THE TASK ::
Write out each record below exactly as it appears, with no pictures.

MATERIALS PROVIDED ::
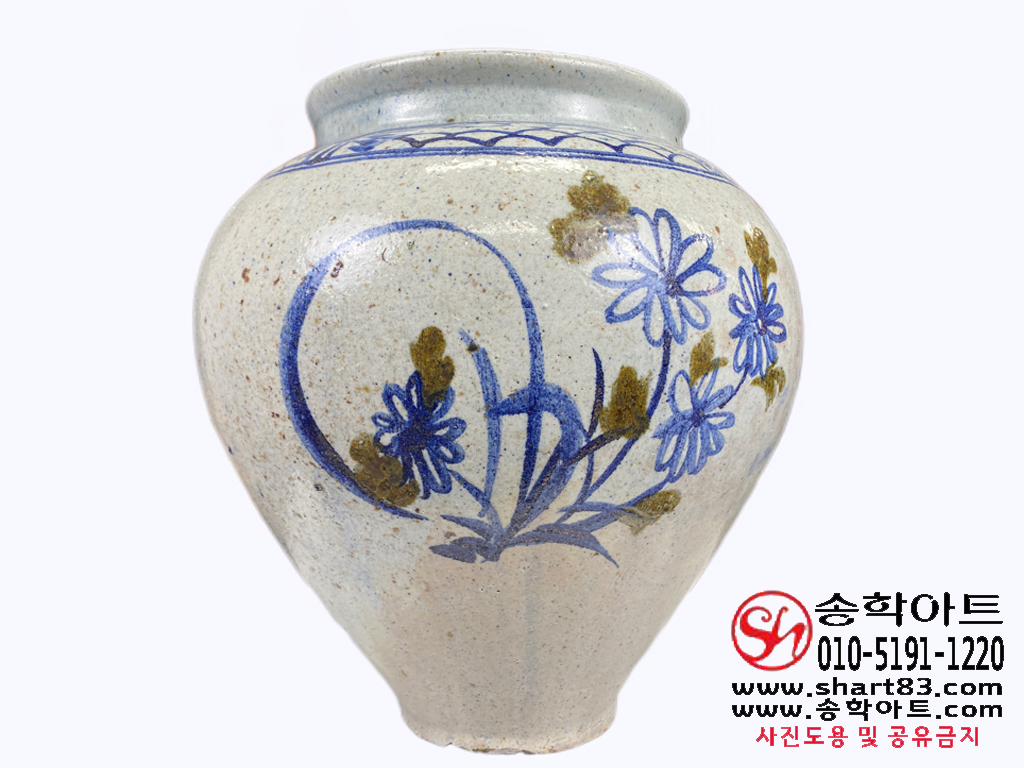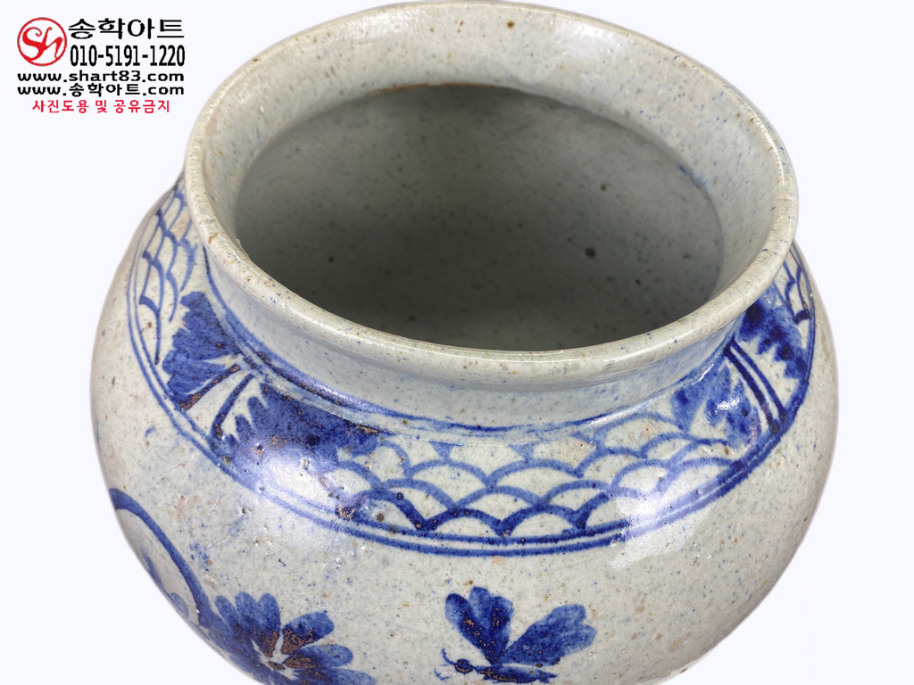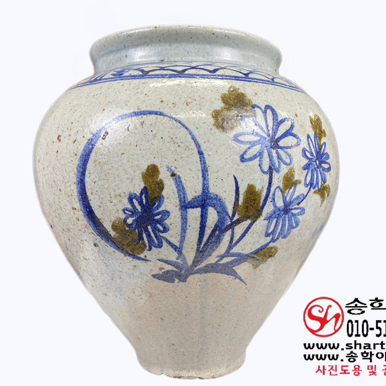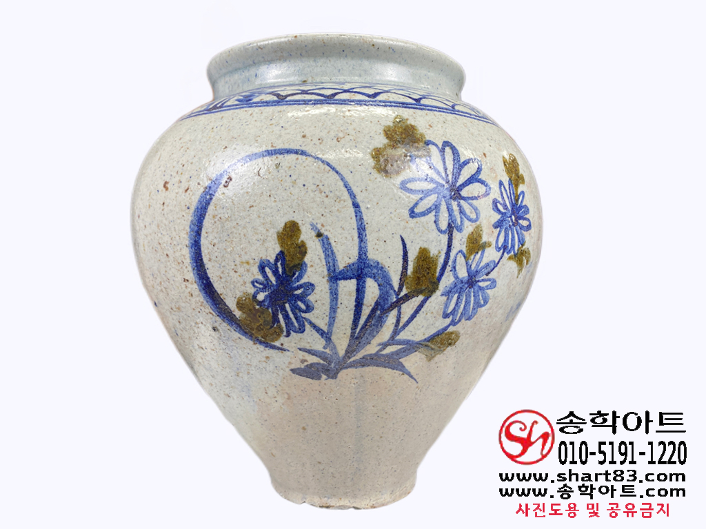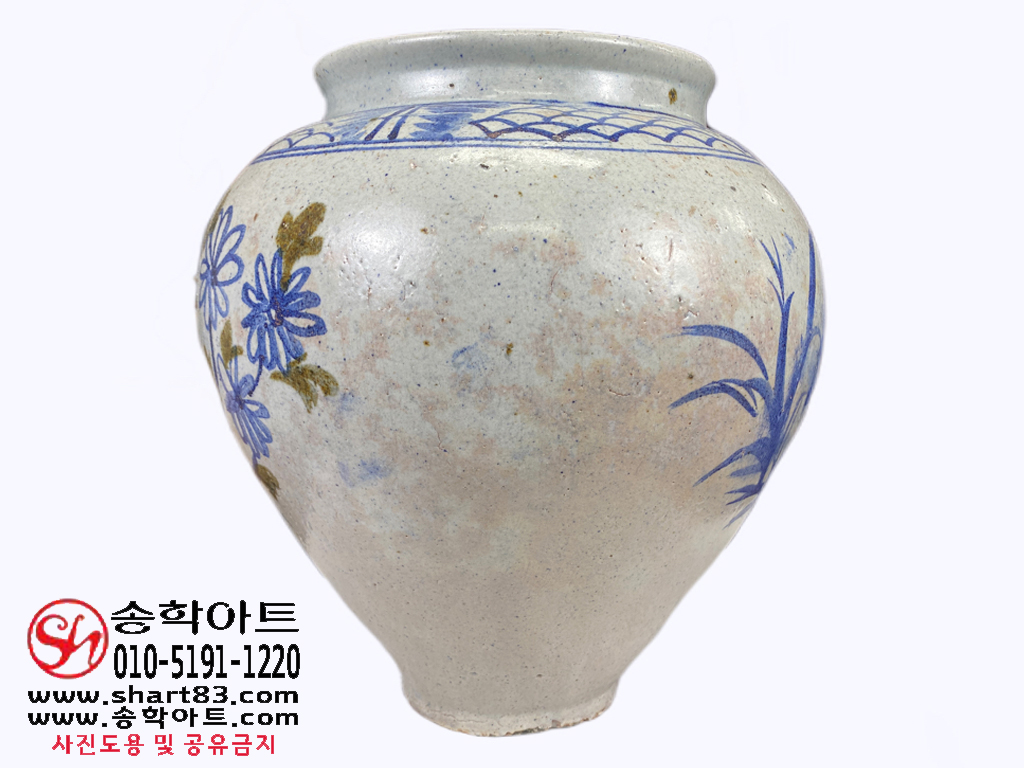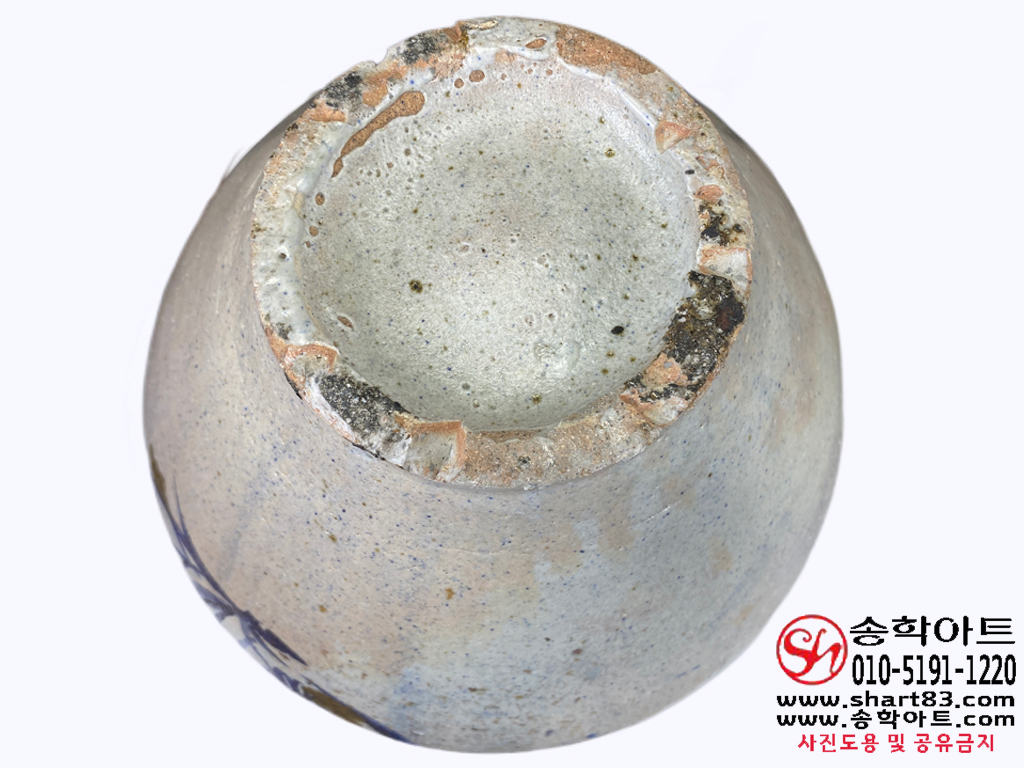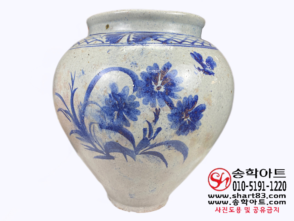 ▶ 특징 : 한면은 철화로 꽃잎파리에 포인트, 반대편은 청화로 나비그림에 포인트가 있는 청화백자호
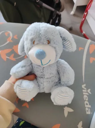 Morbido peluche a forma di cane, perfetto per i più piccoli. Il suo colore azzurro lo rende un compagno allegro. - Materiale soffice al tatto. - Dettagli ricamati sul muso. - Orecchie con righe azzurre.
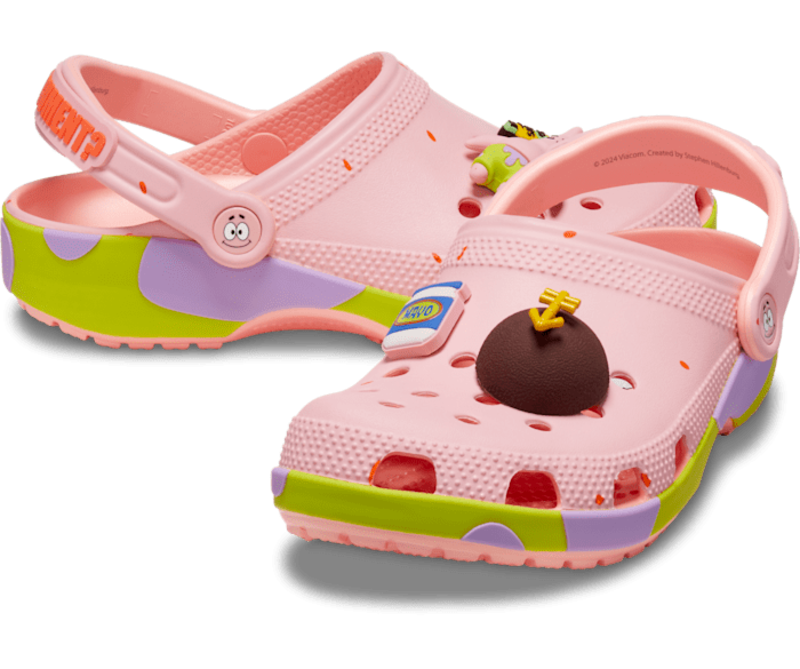 Die SpongeBob x Crocs Kollektion 2024 hat den Humor und die Farben von Bikini Bottom auf einige der beliebtesten Crocs-Modelle gebracht. Im Mittelpunkt standen mehrere farbenfrohe Classic Clogs, darunter ein gelber SpongeBob-Clog mit typischen Schwamm-Details, roter Krawatte und passenden Jibbitz-Charms. Auch Patrick Star hat ein eigenes Modell bekommen, das in Rosa- und Grüntönen gehalten ist und eine grüne Sohle hat. Dazu gibt es die typischen Accessoires, die auf seine verrückte Persönlichkeit anspielen.
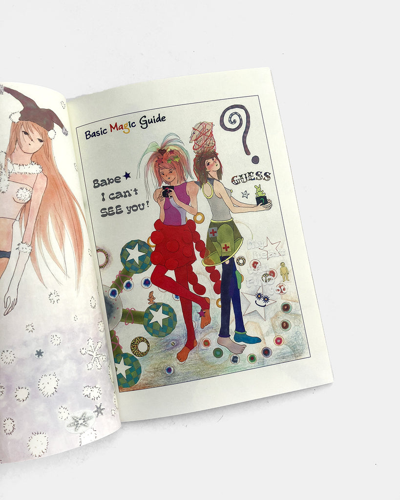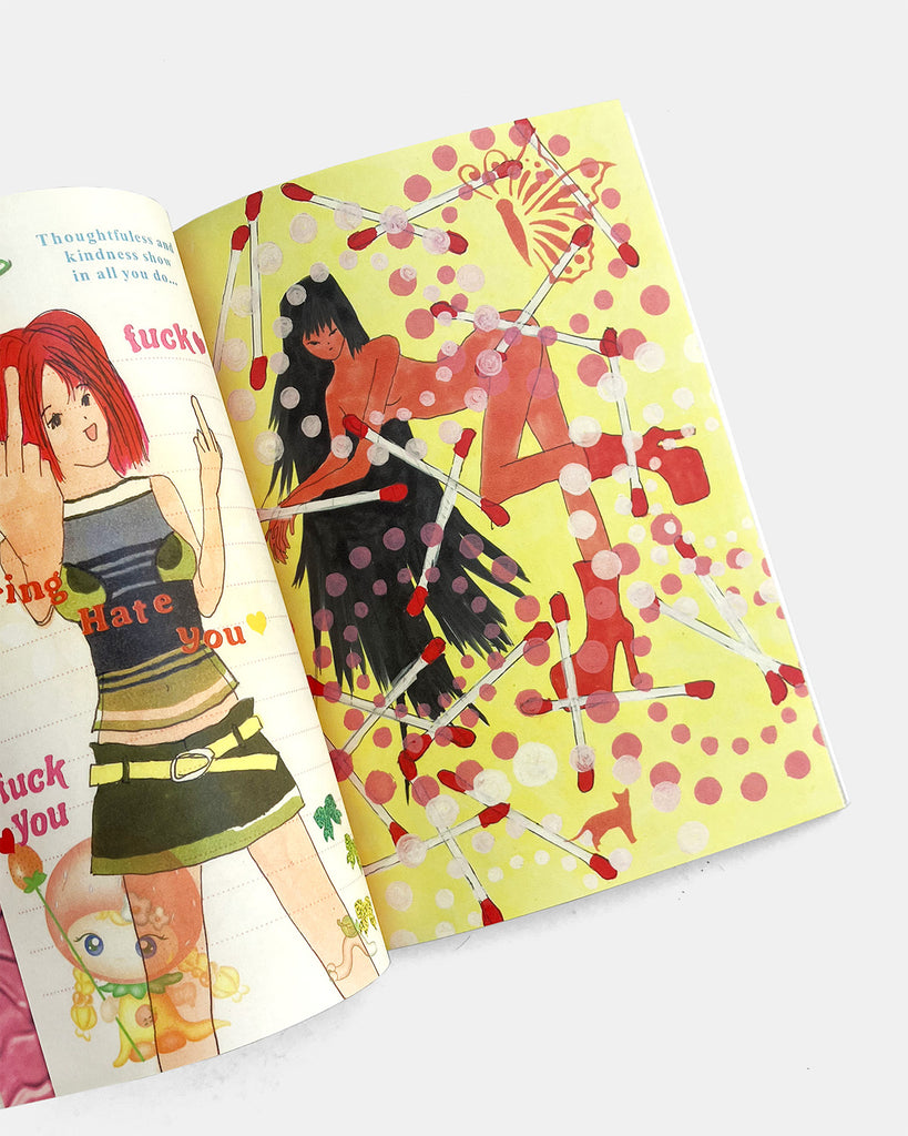 88 pages of drawings and photos by Niptong. A twin flame number. The DIY radio sign-off for “love and kisses.” Across the globe, audiences are lamenting being born torn apart from themselves—flames in search of twins, thought by Plato to have come out the womb in sets of twos…two hearts, two heads, four eyes, four arms, etcetera. In the vicinity of this absence and the costly search for re-conjoinment is Niptong. Niptong’s scenes, vibrant marker and pen drawings punctuated with stickers, digital illustrations, and photographs, are full of holes too: a circle, polkadot, wheel, asshole, urethra, Q-Tip implying an ear canal, a puppy-dog with shiny spinning saucer puppy-dog eyes. There are one, two, three, four holes in the number 88!
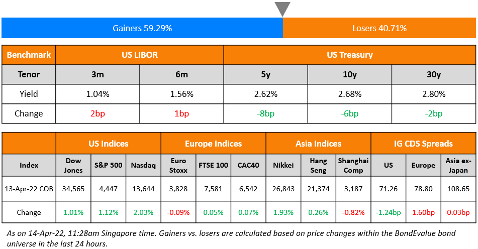Sembcorp Industries raised S$300mn via a 7Y sustainability-linked bond at a yield of 3.735%, 21.5bp inside initial guidance of 3.95% area. The bonds are unrated. Sembcorp has a sustainability performance target of achieving greenhouse gas emissions intensity to 0.40 tCO2e/MWh or lower by end-2025. If not achieved, there will be a one-time 25bp coupon step-up on or after April 1, 2026. Sembcorp Financial Services is the issuer while the Temasek-owned parent is the guarantor. Proceeds will be for general corporate purposes and debt refinancing.
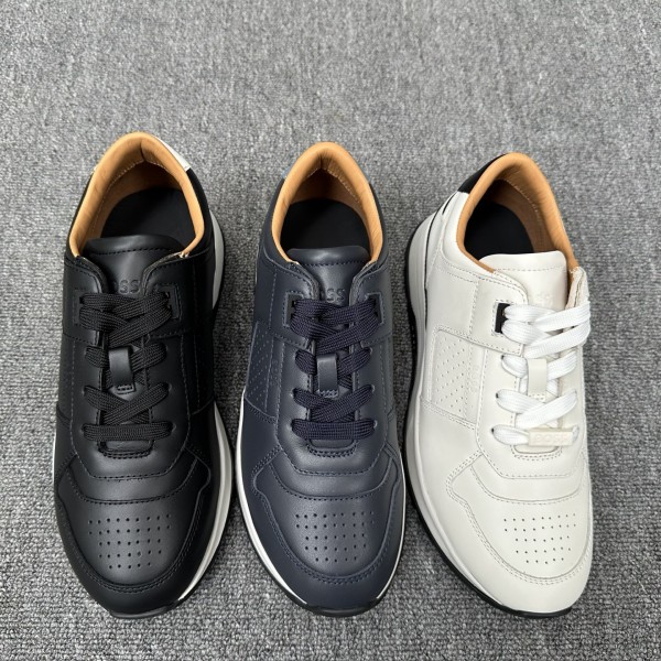 휴고 보스 남성 신상 가죽 로우탑 스니커즈 완산 최고급 제품, BOSS 스트랩 스니커즈 소가죽의 섬세하고 광택, 손 광택 처리 손으로 만져도 가죽의 실키한 느낌, 송아지 가죽 발받침 부드럽고 편안한 통기성, 측면 및 신발 및 혀 장식 BOSS 로고 신발 끈 장식 로고, 뒤꿈치 랩 처리 eva 발포 + 미끄럼 방지 및 내마모성 고무 콤비
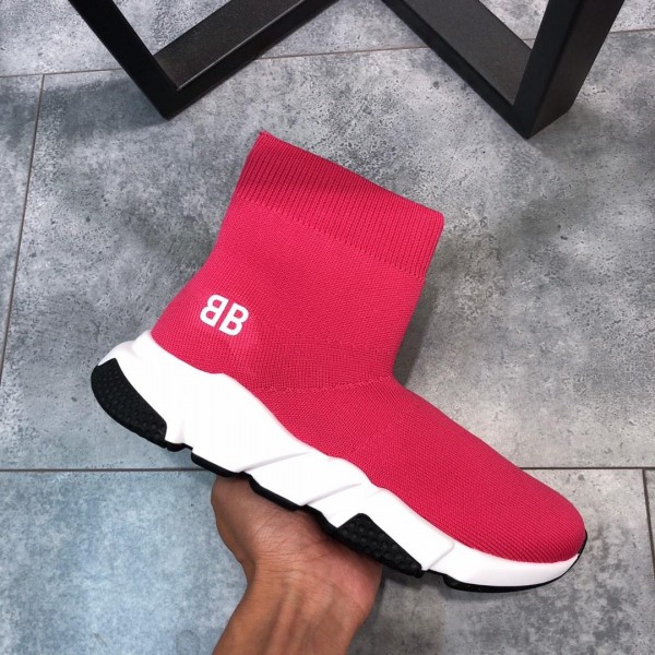 Replica Balenciaga Speed Trainer Pink and white BB print with white rubber sole WS980019
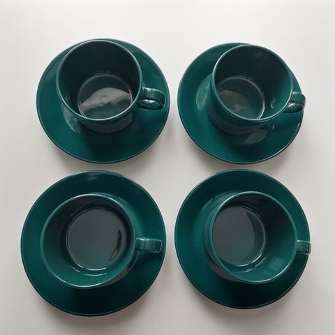 Valkoiset kahvikupit n.1,2 dl, siniset lautaset yhteensä 28 paria.
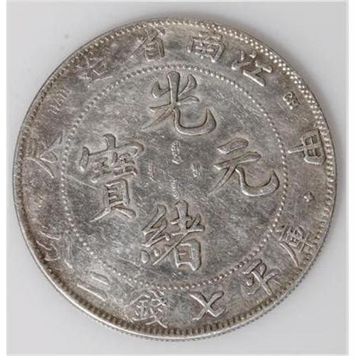 <B>Kiangnan Dollar CD 1904, </B></I> KMY145a.15, variety with 4 point rosettes under Chinese characters, lightly cleaned XF. Very rare. <BR><BR><b>Shipping:</b> Coins & Currency (<a target="_blank" href="http://www.heritageauctions.com/common/shipping.php">view shipping information</a>
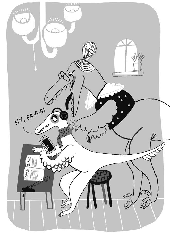 — Нет, моя семья порядочная и неядовитая, — сказал юный динозавр. — Только бабушка иногда кусалась, когда мы не хотели уроки делать. Но яд у неё был слабенький, от него кожа слегка чесалась.
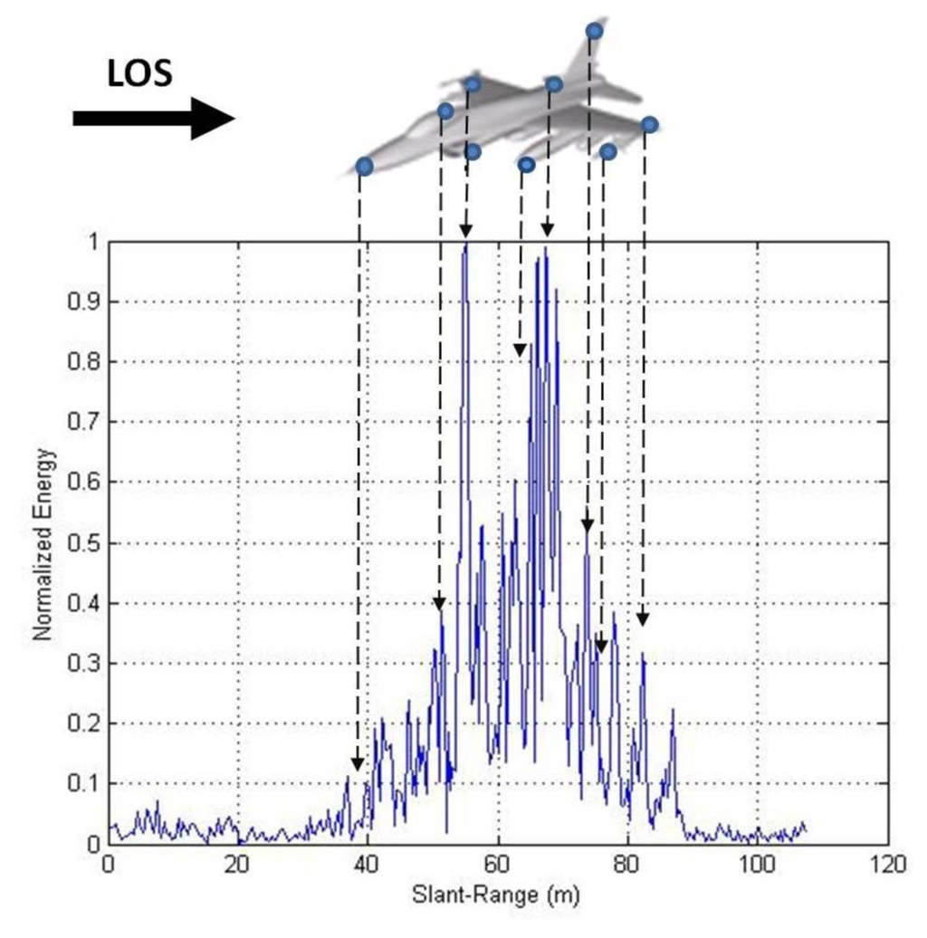 To high resolution radars (HRRs) targets appear as comprised of individual scattering points, also called scattering centers, backscatter sources or scatterers [7]. Figure 2 shows an example of these scattering centers projected on the radar line of sight direction. At a given viewing angle (target aspect angle), each scatterer reflects energy at a certain amplitude and phase. High resolution radars have the ability to discern the different scattering centers of a target in both the propagation and the transversal direction of the transmitted energy; being able, therefore, to identify the geometry of a target. Thus, resolution of these radars is defined in two dimensions, on the one hand there is the slant-range resolution which depends on the radar bandwidth and is defined as the ability to resolve scatterers in the direction of the radar line of sight; on the other hand, there is the cross-range resolution which depends on the wavelength of the emitted signal and the angular sweep made during the illumination time. Cross-range resolution is defined as the ability to resolve scatterers in the normal direction to the plane containing the radar line of sight and the target rotation angle.

TASK RESPONSE ::
 ▶ 특징 : 한면은 철화로 꽃잎파리에 포인트, 반대편은 청화로 나비그림에 포인트가 있는 청화백자호
 Morbido peluche a forma di cane, perfetto per i più piccoli. Il suo colore azzurro lo rende un compagno allegro. - Materiale soffice al tatto. - Dettagli ricamati sul muso. - Orecchie con righe azzurre.
 Die SpongeBob x Crocs Kollektion 2024 hat den Humor und die Farben von Bikini Bottom auf einige der beliebtesten Crocs-Modelle gebracht. Im Mittelpunkt standen mehrere farbenfrohe Classic Clogs, darunter ein gelber SpongeBob-Clog mit typischen Schwamm-Details, roter Krawatte und passenden Jibbitz-Charms. Auch Patrick Star hat ein eigenes Modell bekommen, das in Rosa- und Grüntönen gehalten ist und eine grüne Sohle hat. Dazu gibt es die typischen Accessoires, die auf seine verrückte Persönlichkeit anspielen.
 88 pages of drawings and photos by Niptong. A twin flame number. The DIY radio sign-off for “love and kisses.” Across the globe, audiences are lamenting being born torn apart from themselves—flames in search of twins, thought by Plato to have come out the womb in sets of twos…two hearts, two heads, four eyes, four arms, etcetera. In the vicinity of this absence and the costly search for re-conjoinment is Niptong. Niptong’s scenes, vibrant marker and pen drawings punctuated with stickers, digital illustrations, and photographs, are full of holes too: a circle, polkadot, wheel, asshole, urethra, Q-Tip implying an ear canal, a puppy-dog with shiny spinning saucer puppy-dog eyes. There are one, two, three, four holes in the number 88!
Sembcorp Industries raised S$300mn via a 7Y sustainability-linked bond at a yield of 3.735%, 21.5bp inside initial guidance of 3.95% area. The bonds are unrated. Sembcorp has a sustainability performance target of achieving greenhouse gas emissions intensity to 0.40 tCO2e/MWh or lower by end-2025. If not achieved, there will be a one-time 25bp coupon step-up on or after April 1, 2026. Sembcorp Financial Services is the issuer while the Temasek-owned parent is the guarantor. Proceeds will be for general corporate purposes and debt refinancing.
 휴고 보스 남성 신상 가죽 로우탑 스니커즈 완산 최고급 제품, BOSS 스트랩 스니커즈 소가죽의 섬세하고 광택, 손 광택 처리 손으로 만져도 가죽의 실키한 느낌, 송아지 가죽 발받침 부드럽고 편안한 통기성, 측면 및 신발 및 혀 장식 BOSS 로고 신발 끈 장식 로고, 뒤꿈치 랩 처리 eva 발포 + 미끄럼 방지 및 내마모성 고무 콤비
 Replica Balenciaga Speed Trainer Pink and white BB print with white rubber sole WS980019
 Valkoiset kahvikupit n.1,2 dl, siniset lautaset yhteensä 28 paria.
 <B>Kiangnan Dollar CD 1904, </B></I> KMY145a.15, variety with 4 point rosettes under Chinese characters, lightly cleaned XF. Very rare. <BR><BR><b>Shipping:</b> Coins & Currency (<a target="_blank" href="http://www.heritageauctions.com/common/shipping.php">view shipping information</a>
 — Нет, моя семья порядочная и неядовитая, — сказал юный динозавр. — Только бабушка иногда кусалась, когда мы не хотели уроки делать. Но яд у неё был слабенький, от него кожа слегка чесалась.
 To high resolution radars (HRRs) targets appear as comprised of individual scattering points, also called scattering centers, backscatter sources or scatterers [7]. Figure 2 shows an example of these scattering centers projected on the radar line of sight direction. At a given viewing angle (target aspect angle), each scatterer reflects energy at a certain amplitude and phase. High resolution radars have the ability to discern the different scattering centers of a target in both the propagation and the transversal direction of the transmitted energy; being able, therefore, to identify the geometry of a target. Thus, resolution of these radars is defined in two dimensions, on the one hand there is the slant-range resolution which depends on the radar bandwidth and is defined as the ability to resolve scatterers in the direction of the radar line of sight; on the other hand, there is the cross-range resolution which depends on the wavelength of the emitted signal and the angular sweep made during the illumination time. Cross-range resolution is defined as the ability to resolve scatterers in the normal direction to the plane containing the radar line of sight and the target rotation angle.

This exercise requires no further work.